Cloud Firestore (/ Datastore)

  • Overview

  • managed, serverless

  • NoSQL, document oriented (key-value)

  • Documents organized into collections

  • horizontally scalable

  • offer multi-regional access

  • can be accessed from multiregional backend services

  • Usage: mobile and web apps, web and server development

    Datastore:

  • Firestore in Datastore mode

  • Native Firestore Features cannot be used with datastore mode

  • Usage: Server Applications

  • Objects are called "Entities"

  • Group of Entities are called "Kind"

  • Entities have a unique key: unique identifier of (Namespace, Kind, Id, optional:Ancestor Path)

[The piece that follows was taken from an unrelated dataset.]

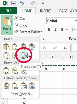 幸运的是,Excel 2013 有一项功能,允许您复制水平行数据,然后将其粘贴到垂直列中。这可以防止繁琐的数据重新输入,并且可以真正节省时间。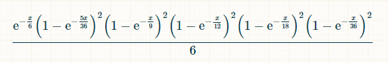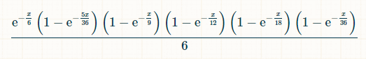 x 単位の時間で、2、3、4、5、6 が出ていて、7 が出ていない確率は次のとおりです: (1-exp(-x/36))*(1-exp(-x/18))*(1-exp(-x/12))*(1-exp(-x/9))*(1-exp(-5x/36))*exp(-x/6) プレイヤーがそれまでに 2 から 6 までのすべての合計を出した後、時刻 x に 7 を出す確率は次のとおりです:

  • Values / Fields of Entities are called Properties

  • Indexes

    • Build in index (for each property)
    • Composite index (combined property index for more complex queries - cause more latency as of consistency)
  • For complex queries on large (non indexed) datasets, use BigQuery

  • Do not index Properties with monotonically increasing values (such as timestamp)

  • Queries are more restrictive that relational databases (like joins)

  • Naming based on UTF-8 Characters

  • Usage:

    • batch r/w/d operations
    • rollback failed transactions
    • use asynchronous calls
    • use allocateId() method to create ID and avoid hotspots by monotonically increasing numbers
Features\Mode Native Mode Datastore Mode
mobile and web client libraries ✔️
real-time and offline features ✔️
ideal for: mobile, web, IoT, real-time applications (no heavy writes) Server Apps (heavy read/write)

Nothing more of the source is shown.